General Chemical Corp. v. Department of Environmental Quality Engineering

474 N.E.2d 183, 19 Mass. App. Ct. 287, 1985 Mass. App. LEXIS 1501
CourtMassachusetts Appeals Court
DecidedJanuary 31, 1985
StatusPublished
Cited by12 cases

This text of 474 N.E.2d 183 (General Chemical Corp. v. Department of Environmental Quality Engineering) is published on Counsel Stack Legal Research, covering Massachusetts Appeals Court primary law. Counsel Stack provides free access to over 12 million legal documents including statutes, case law, regulations, and constitutions.

Bluebook
General Chemical Corp. v. Department of Environmental Quality Engineering, 474 N.E.2d 183, 19 Mass. App. Ct. 287, 1985 Mass. App. LEXIS 1501 (Mass. Ct. App. 1985).

Opinion

Armstrong, J.

General Chemical Corporation (General Chemical) appeals from a judgment in the Superior Court dismissing its complaint for lack of subject matter jurisdiction and for failure to state a claim upon which relief can be granted. In its complaint, General Chemical sought judicial review of a determination by the Commissioner of Environmental Quality Engineering (department) that records submitted by General Chemical to the department may be disclosed under the Massachusetts public records law, G. L. c. 66, § 10.

General Chemical is a hazardous waste facility, as defined in G. L. c. 21C, and therefore its operations are regulated by the department. The department’s regulations require General Chemical to submit monthly and annual reports on its activities. In accordance with G. L. c. 21C, § 12, General Chemical requested that these reports be kept confidential and not be disclosed under the public records law. When a newspaper reporter filed a request under that law to inspect the General Chemical monthly reports, the department informed General Chemical of the request and asked that it submit written arguments in support of its position that its reports contained trade secrets and thus were entitled to confidentiality under G. L. c. 21C, § 12. General Chemical did submit such arguments, and [289]*289it later met, informally, with representatives of the department to discuss the matter. The department subsequently issued an exhaustive written decision concluding that neither the monthly nor annual reports contained trade secrets and were thus subject to disclosure. General Chemical’s effort to obtain judicial review of that decision met with the fate recounted above.

General Chemical bases its claim for confidentiality on G. L. c. 21C, § 12, inserted by St. 1979, c. 704, § 2, which states:

“Notwithstanding the provisions of any law to the contrary, any information, record, or particular part thereof, obtained by the department pursuant to the provisions of this chapter, shall, upon request, be kept confidential and not considered to be public record when it is deemed by the commissioner that such information, record, or report relates to secret processes, methods of manufacture, or production or that such information, record, or report if made public would divulge a trade secret.

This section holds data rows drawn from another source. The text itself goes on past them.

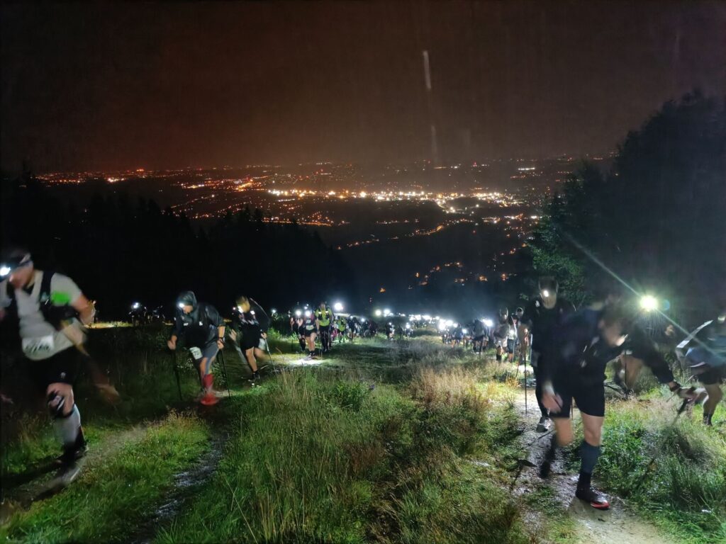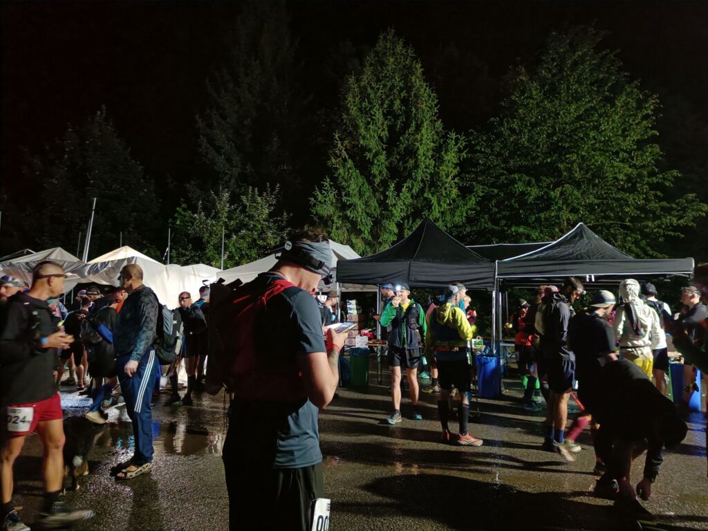 Následuje první kopec, zrovna předbíhám Lucii. Do prudkého kopce mi v dešti přijde pláštěnka zbytečná, to uschne. Ale lehčí vystoupení z komfortní zóny to je. Stoupám poměrně slušnou rychlostí. Malý Javorový, Javorový a seběh k první občerstvovačce. Voda a ionťák jsou ve velkých nádržích a je tam dostatek kohoutků si načepovat. Ionťák mi nesedl, pak ho vynechávám. Sjezdovka Řeka, bez klacků jsem se jednou málem převrátil dolů, jinak dobrý. Dav se pohybuje akorát rychlostí. Seběh jde, tradičně mě ale předbíhá Alena s Vaškem. A další občerstvení, slušný výběr jídla i Kofola.
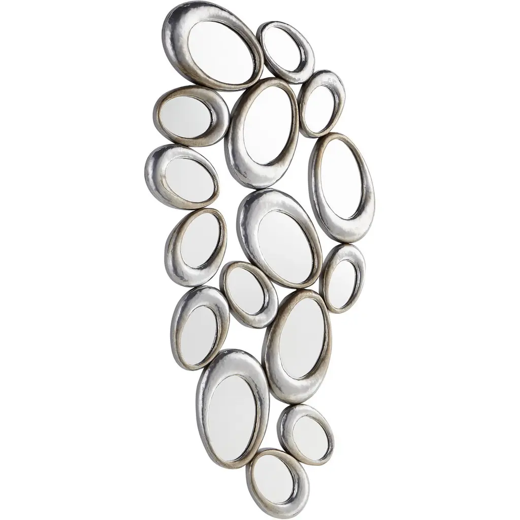 Whimsical and sophisticated, this posh wall mirror features silver geometric ovals in an abstract arrangement. This modern twist on wall art will add some depth and character to home living space or lined down the hall of any commercial setting. Display in multiples to create your own personal art installation.
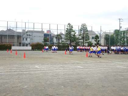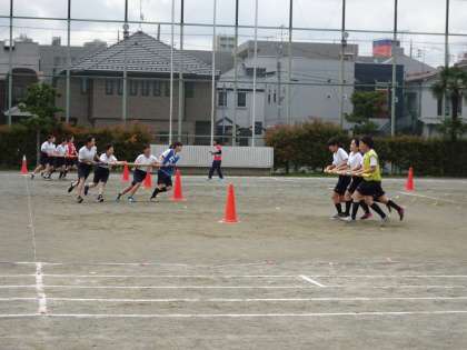 1,2時間目、2年生が運動会の学年練習を行っています。学年種目のハリケーンの練習をしていました。手を離さず、コーンをきちんと回ってきましょう。(遠藤)
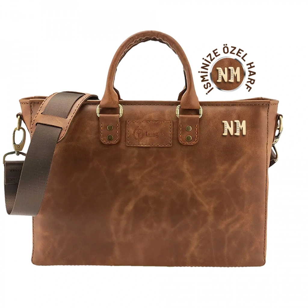 İsme Özel Günlük Kullanım El Omuz Evrak Laptop Çantası - %100 Deri - AC09004 - Kahverengi
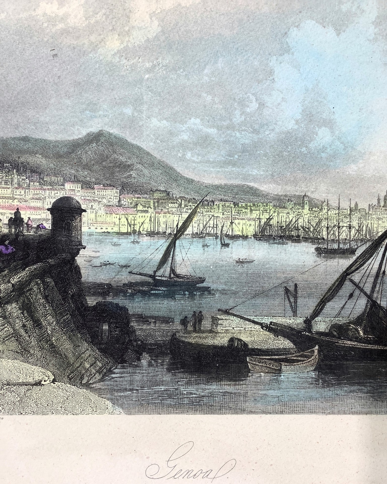 Scorcio di Genova Mm 450x580, in cornice cm 59x72 Incisione ad acquaforte colorata a mano Firmato in basso a destra R. Brandard (Inghilterra 1819-1862). Disegno di W. Brockedon tratto da W. Turton, XIX secolo. Esq.
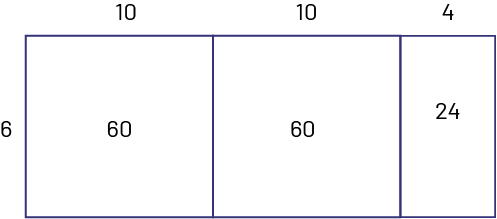 image Disposition rectangulaire de 3 colonnes.À gauche du rectangle le chiffre 6.Au-dessus de la première colonne du rectangle est indiqué dix. Au-dessus de la deuxième colonne du rectangle est indiqué dix. Au-dessus de la troisième colonne est indiqué 4.À l’intérieur du rectangle dans la première colonne se trouve le résultat de la multiplication de ce qui est écrit à gauche par ce qui est écrit en haut, soit 60.Dans la deuxième colonne du rectangle, il est indiqué 60, soit le résultat de la multiplication de ce qui est écrit à gauche par ce qui est écrit au-dessus.Dans la troisième colonne, il est indiqué 24.

This section shall not prevent disclosure of any information necessary for an enforcement action or to comply with [the Resource Conservation and Recovery Act of 1976, 42 U.S.C. § 6901 et seq. [1982)].”

General Laws c. 66, § 10(b), provides'for both administrative and judicial review when the Commissioner declines to disclose submitted reports, but it contains no corresponding provision for review of the department’s determination that reports are not confidential and shall be disclosed.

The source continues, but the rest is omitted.